Records for the task:
· · · · ·
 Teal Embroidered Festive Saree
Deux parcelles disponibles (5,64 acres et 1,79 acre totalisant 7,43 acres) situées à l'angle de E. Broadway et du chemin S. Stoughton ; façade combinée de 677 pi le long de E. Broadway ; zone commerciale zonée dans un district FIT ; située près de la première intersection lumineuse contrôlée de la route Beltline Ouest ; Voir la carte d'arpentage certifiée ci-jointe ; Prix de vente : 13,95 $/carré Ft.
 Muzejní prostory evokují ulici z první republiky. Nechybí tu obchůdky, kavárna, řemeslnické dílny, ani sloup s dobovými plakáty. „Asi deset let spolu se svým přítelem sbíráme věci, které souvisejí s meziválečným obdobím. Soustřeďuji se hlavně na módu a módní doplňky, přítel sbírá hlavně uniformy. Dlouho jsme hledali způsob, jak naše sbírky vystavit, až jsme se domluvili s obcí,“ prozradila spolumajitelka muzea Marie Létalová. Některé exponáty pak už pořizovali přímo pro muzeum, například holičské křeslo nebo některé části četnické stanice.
· · · · ·
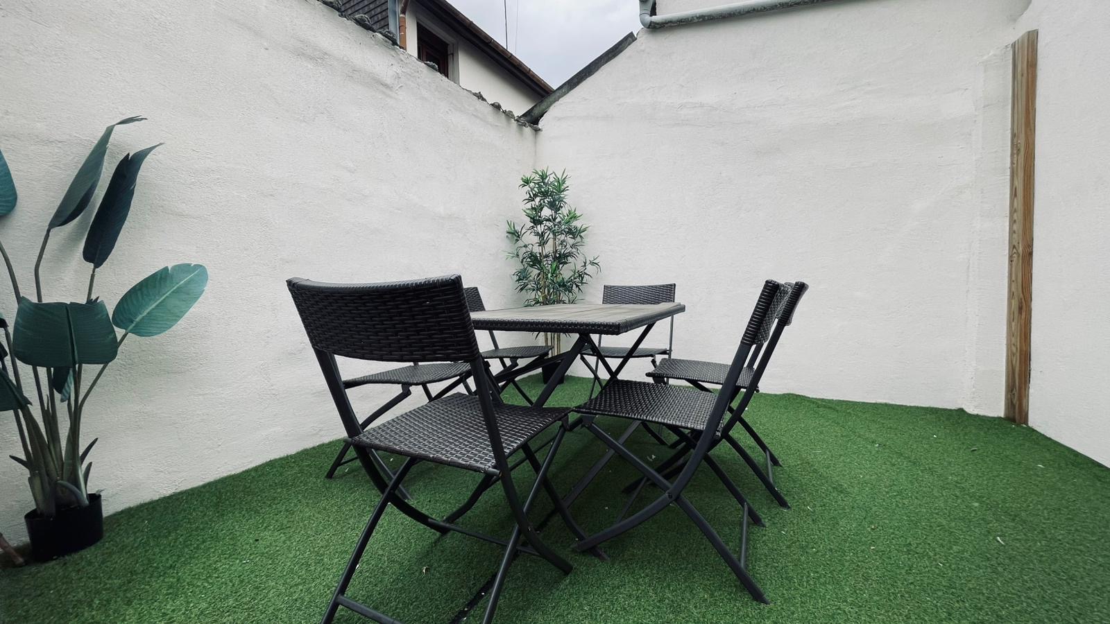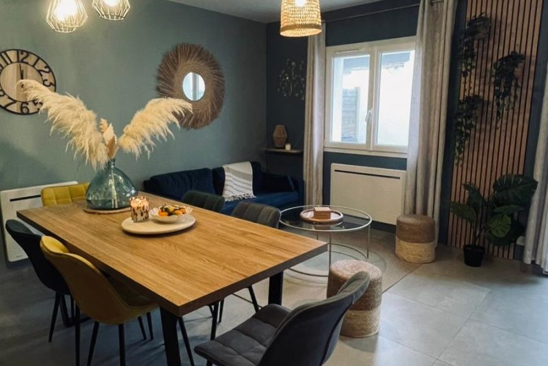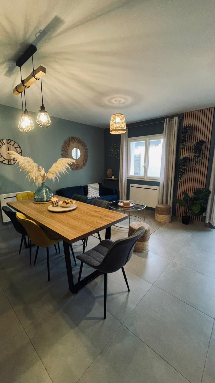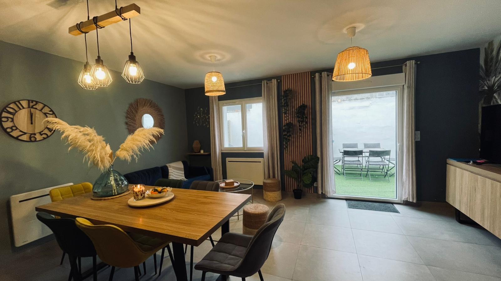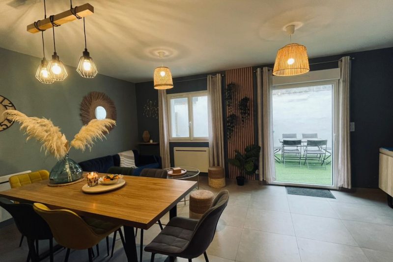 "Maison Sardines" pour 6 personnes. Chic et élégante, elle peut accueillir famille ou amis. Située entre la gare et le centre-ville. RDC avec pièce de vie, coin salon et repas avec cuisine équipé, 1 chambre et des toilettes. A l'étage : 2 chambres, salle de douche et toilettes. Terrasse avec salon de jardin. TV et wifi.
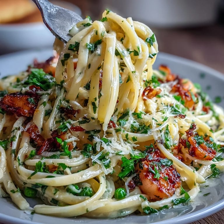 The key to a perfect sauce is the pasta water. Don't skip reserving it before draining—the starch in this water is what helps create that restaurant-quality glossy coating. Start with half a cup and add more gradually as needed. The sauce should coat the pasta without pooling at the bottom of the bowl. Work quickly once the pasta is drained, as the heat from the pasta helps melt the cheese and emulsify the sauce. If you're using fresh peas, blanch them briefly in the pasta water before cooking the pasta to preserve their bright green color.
· · · · ·
What the task asks:
The reply should consist solely of the lines above from the one that has "Deux parcelles disponibles" through the one that has "Muzejní prostory evokují", reproduced exactly.

Exercise result:
Deux parcelles disponibles (5,64 acres et 1,79 acre totalisant 7,43 acres) situées à l'angle de E. Broadway et du chemin S. Stoughton ; façade combinée de 677 pi le long de E. Broadway ; zone commerciale zonée dans un district FIT ; située près de la première intersection lumineuse contrôlée de la route Beltline Ouest ; Voir la carte d'arpentage certifiée ci-jointe ; Prix de vente : 13,95 $/carré Ft.
 Muzejní prostory evokují ulici z první republiky. Nechybí tu obchůdky, kavárna, řemeslnické dílny, ani sloup s dobovými plakáty. „Asi deset let spolu se svým přítelem sbíráme věci, které souvisejí s meziválečným obdobím. Soustřeďuji se hlavně na módu a módní doplňky, přítel sbírá hlavně uniformy. Dlouho jsme hledali způsob, jak naše sbírky vystavit, až jsme se domluvili s obcí,“ prozradila spolumajitelka muzea Marie Létalová. Některé exponáty pak už pořizovali přímo pro muzeum, například holičské křeslo nebo některé části četnické stanice.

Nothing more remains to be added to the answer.